Journal of Neurochemistry - Tập 62 Số 4 - Trang 1635-1638 - 1994
Louis Trevisan1, Lawrence W. Fitzgerald1, Nils Brose2, Gregory P. Gasic2, Stephen F. Heinemann2, Ronald S. Duman1, Eric J. Nestler1
1Laboratory of Molecular Psychiatry and Departments of Psychiatry and Pharmacology, Yale University School of Medicine, New Haven, Connecticut, U.S.A.

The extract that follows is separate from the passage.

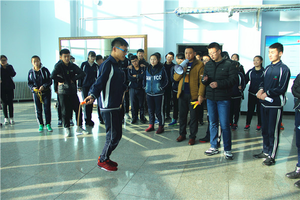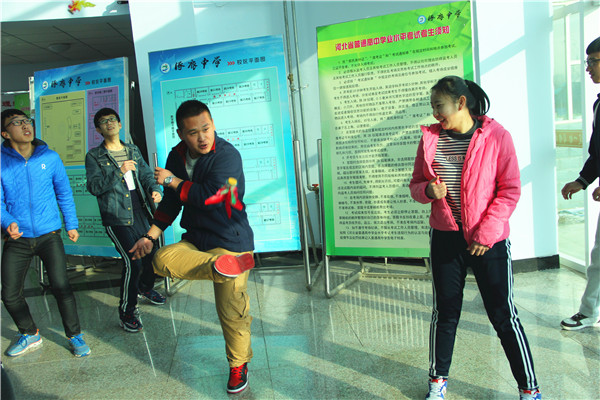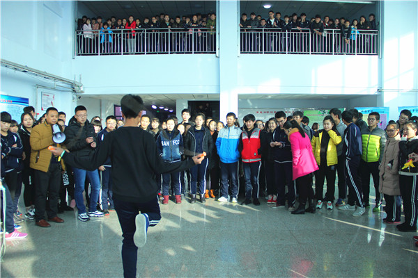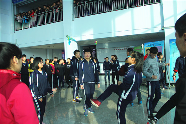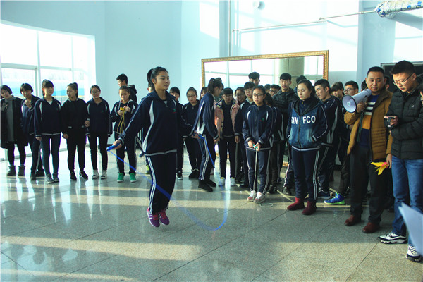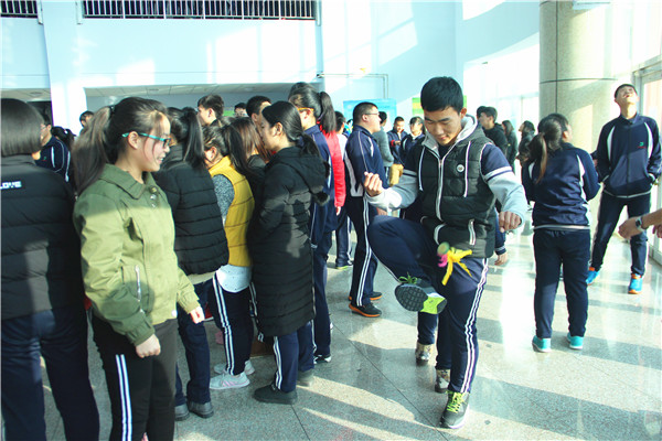 临近期末,为了响应学校阳光体育活动要求,丰富同学们课余生活,调节紧张的学习,2017年1月8日大课间,涿鹿中学二分部高三年级经过精心策划与准备,在一楼圆弧大厅举行了学生跳绳和踢毽子比赛。级部主任温荣斌和各班班主任亲临赛场指导观摩比赛。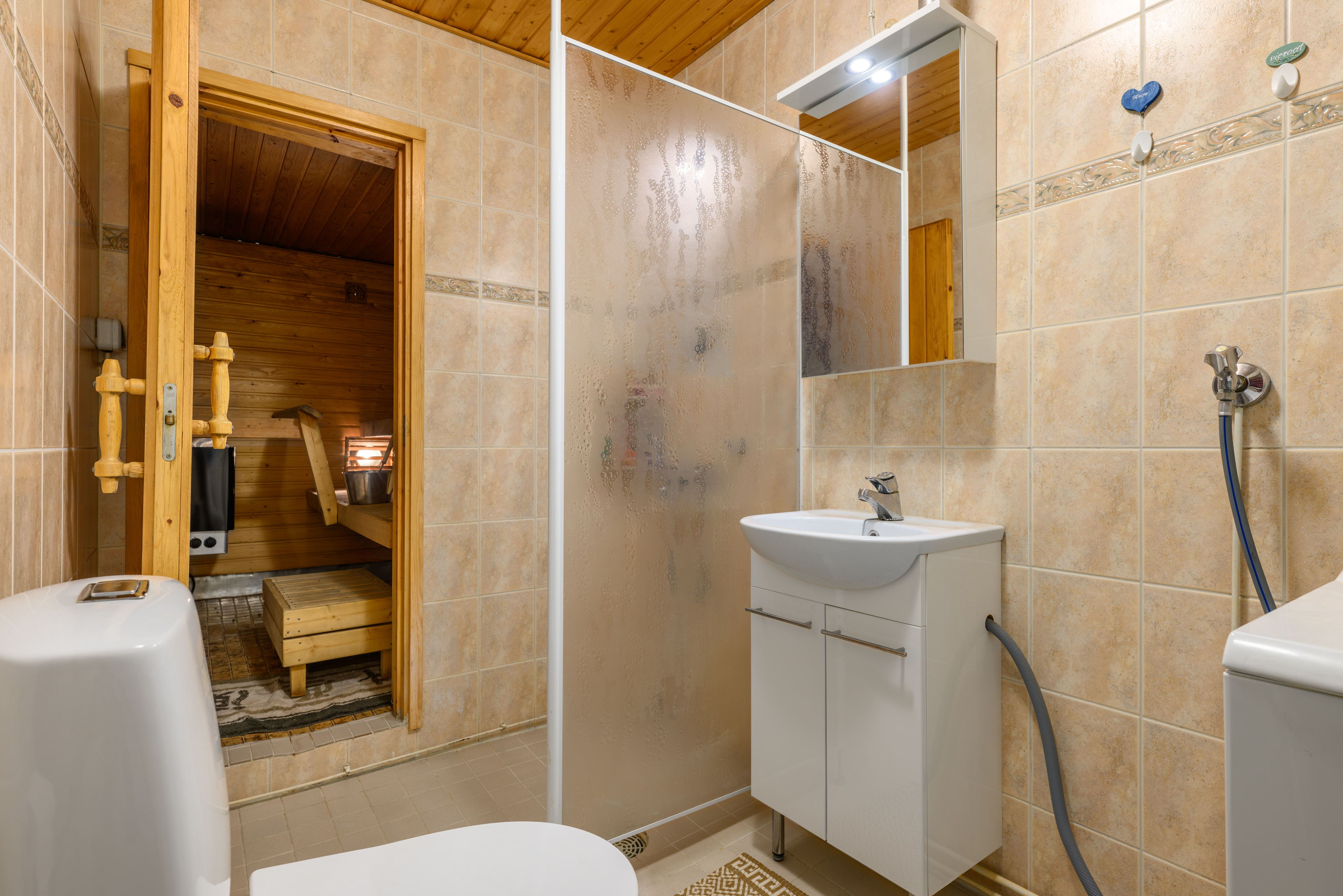 | Saunan kuvaus | Seinät (puu), lattiat (laatta), Sähkökiuas |

2Molecular Neurobiology Laboratory, The Salk Institute, LaJolla, California, U.S.A.

Tóm tắt

We examined the effects of chronic ethanol exposure on the levels of N‐methyl‐D‐aspartate receptor subunit 1 (NMDAR1) protein, an essential component of N‐methyl‐D‐aspar‐ tate glutamate receptors, in rat brain. By immunoblotting procedures using a specific antibody for the NMDAR1 subunit, we found that ethanol dramatically up‐regulated (by 65%) NMDAR1 immunoreactivity in the hippocampus but not in the nucleus accumbens, cerebral cortex, or striatum. In contrast, ethanol did not alter the levels of glutamate receptor subunit (GLUR) 1 or GLUR2 protein, subunits that make up the α‐amino‐3‐hydroxy‐5‐methy4‐isoxazole propionic acid glutamate receptor, in the hippocampus. Because ethanol can potentially influence many different neurotransmitter systems, we examined whether chronic treatment with several psychotropic drugs with different pharmacological profiles (cocaine, haloperidol, SCH 23390, imipramine, and morphine) could mimic the effect of ethanol. None of these agents increased hippocampal NMDAR1 subunit immunoreactivity after chronic administration. Increased NMDAR1 subunit levels in the hippocampus after chronic ethanol exposure may represent an important neurochemical substrate for some of the features associated with ethanol dependence and withdrawal.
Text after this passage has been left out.